# DIRECTIONS
After locating the line with "- Super Bright" below, output it and each following line exactly, stopping after the line with "Розв’яжіть рівняння: 1)". No pictures.

*** INPUT ***

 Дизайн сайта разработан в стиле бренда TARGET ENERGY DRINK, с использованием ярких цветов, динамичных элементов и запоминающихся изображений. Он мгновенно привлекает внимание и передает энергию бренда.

*** End of INPUT ***
*** INPUT ***

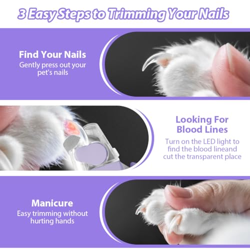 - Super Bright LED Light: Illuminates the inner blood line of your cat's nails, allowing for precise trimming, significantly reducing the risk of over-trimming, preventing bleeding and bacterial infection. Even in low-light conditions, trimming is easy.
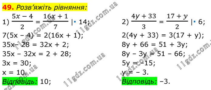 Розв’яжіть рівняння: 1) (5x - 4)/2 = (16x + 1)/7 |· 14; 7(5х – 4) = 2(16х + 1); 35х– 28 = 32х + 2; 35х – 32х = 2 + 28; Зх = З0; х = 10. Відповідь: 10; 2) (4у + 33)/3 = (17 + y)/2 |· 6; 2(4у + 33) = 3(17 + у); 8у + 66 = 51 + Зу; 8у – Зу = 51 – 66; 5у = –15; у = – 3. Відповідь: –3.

*** End of INPUT ***

# ANSWER FOR THIS EXERCISE
 - Super Bright LED Light: Illuminates the inner blood line of your cat's nails, allowing for precise trimming, significantly reducing the risk of over-trimming, preventing bleeding and bacterial infection. Even in low-light conditions, trimming is easy.
 Розв’яжіть рівняння: 1) (5x - 4)/2 = (16x + 1)/7 |· 14; 7(5х – 4) = 2(16х + 1); 35х– 28 = 32х + 2; 35х – 32х = 2 + 28; Зх = З0; х = 10. Відповідь: 10; 2) (4у + 33)/3 = (17 + y)/2 |· 6; 2(4у + 33) = 3(17 + у); 8у + 66 = 51 + Зу; 8у – Зу = 51 – 66; 5у = –15; у = – 3. Відповідь: –3.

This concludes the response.